Beneath the surface of the world are the rules of science, but beneath them there is a far deeper set of rules, a matrix of pure mathematics, which explains the nature of the rules of science...

So begins this David Malone tour-de-force tribute to four geniuses who dared to confront the nature of the rules underlying all mathematics, logic and science, and saw in their various ways that the certainty with which we had become so familiar and comfortable was but an illusion.

Their stories are both inspiring and tragic. These men, Georg Cantor, Ludwig Boltzmann, Kurt Gödel and Alan Turing, were all destined for intellectual fame and greatness, if only posthumously, but because of the nature of their research, because of the intense dedication that their academic problems demanded of them, because of the great resistance they had to overcome from detractors, and because of the major threat they posed to our most foundational beliefs, they came to the brink of madness, and their ends were all tragic, lonely and regrettable. For all of that, however, and however briefly, they each got a glimpse of a reality few, if any of us, will ever get to experience.

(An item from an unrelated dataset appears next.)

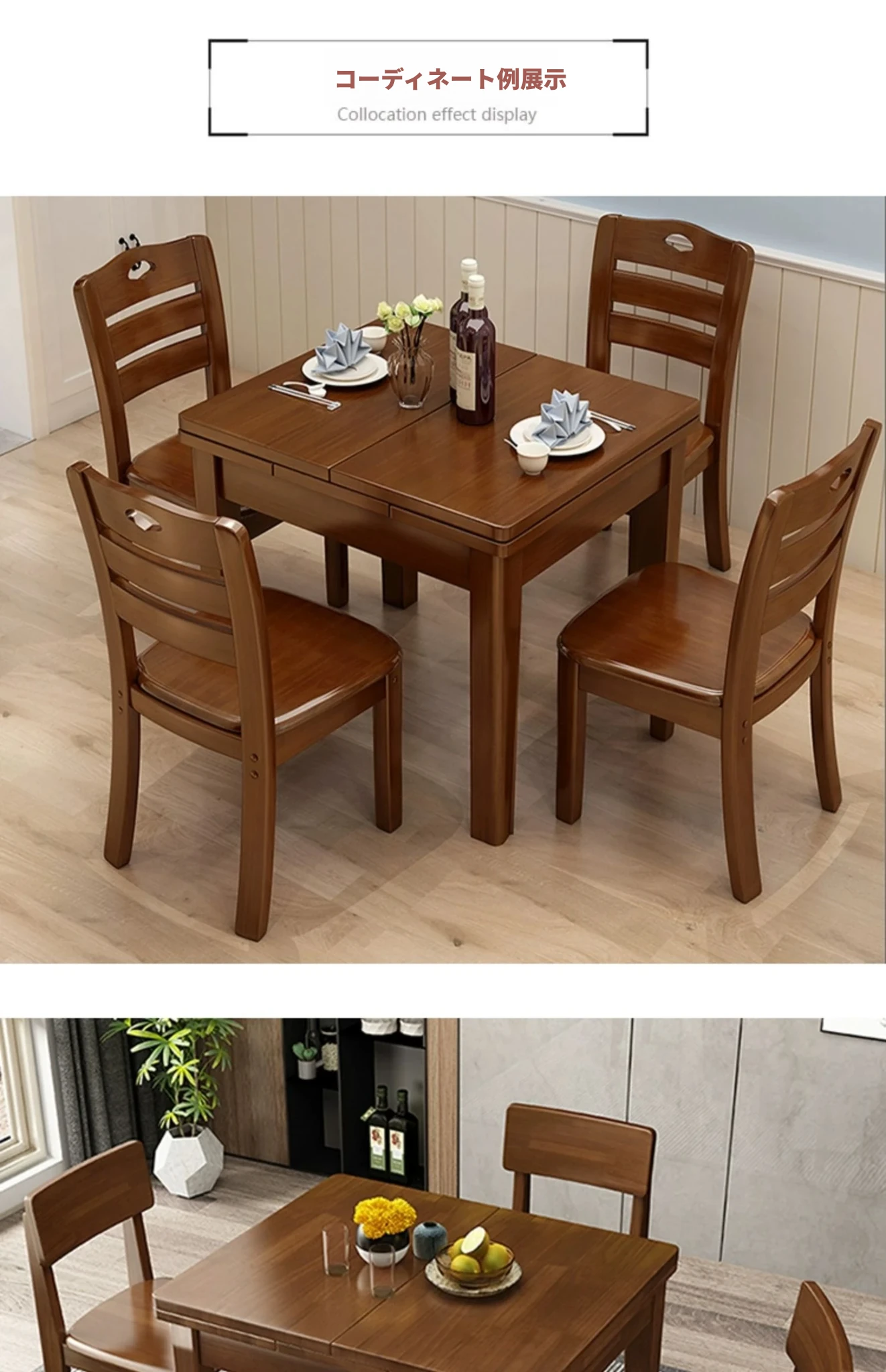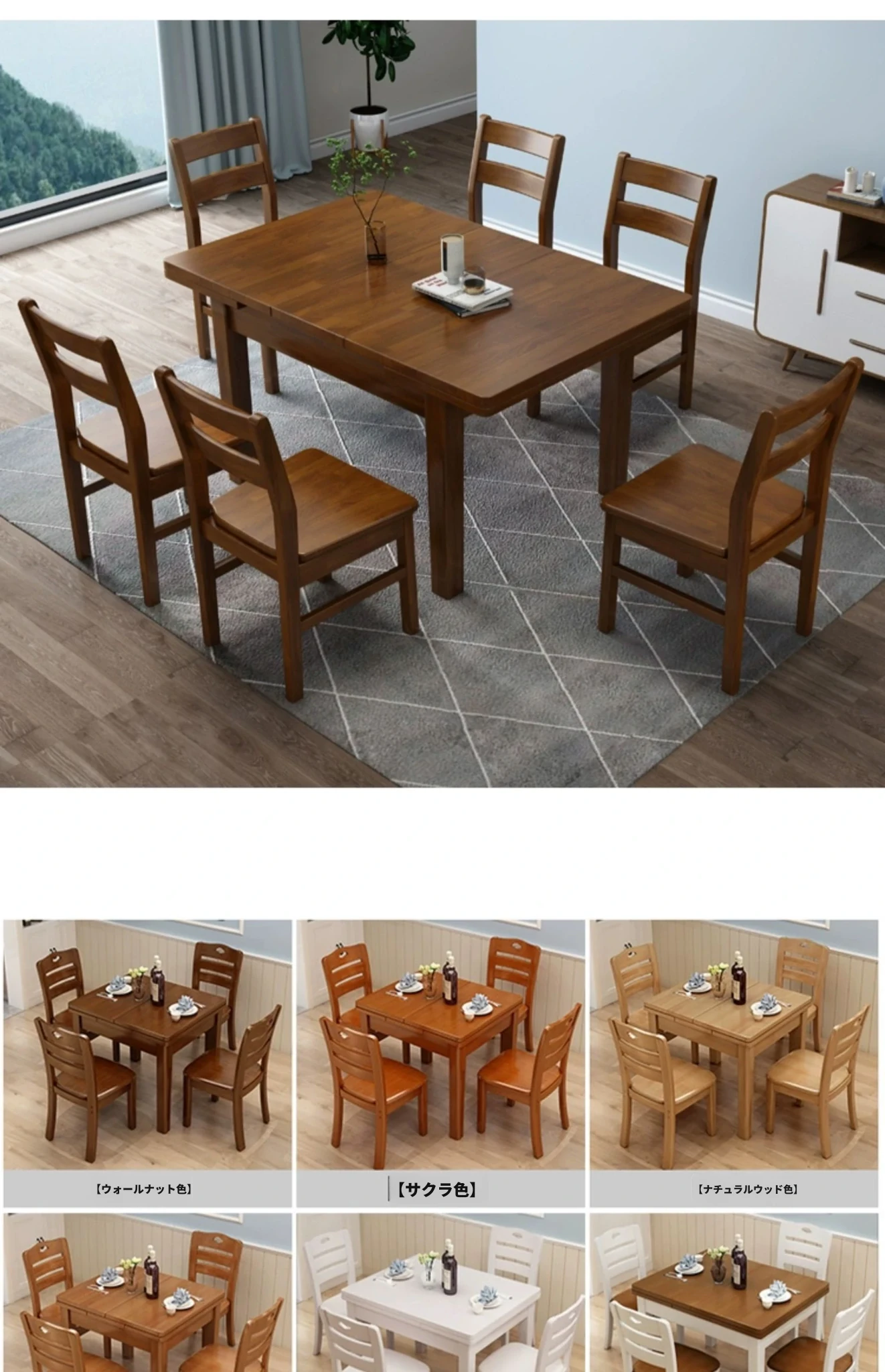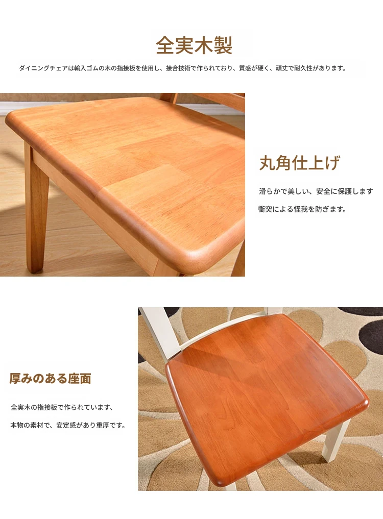 天然木材使用!高品質な無垢材ダイニングテーブル&チェアセット - 組み立て簡単、スタイリッシュな食卓を演出!快適な座り心地の椅子で、家族や友人との素敵な食事時間をお楽しみください。

This is, quite possibly, the best thing you may do for your brain this week...






And for another masterpiece on Alan Turing's intellectual contributions, check out Jim Al-Khalili's The Secret Life of Chaos.

1 comment:

  1. At 9:20 he says something weird. That drawing infinite radii from the centre of a circle to its edge will result in gaps as they move outward.

    Which is absurd, there can't be gaps between infinitely small angles. Either he wasn't explaining Galileo's idea properly, or Galileo had a seniors moment.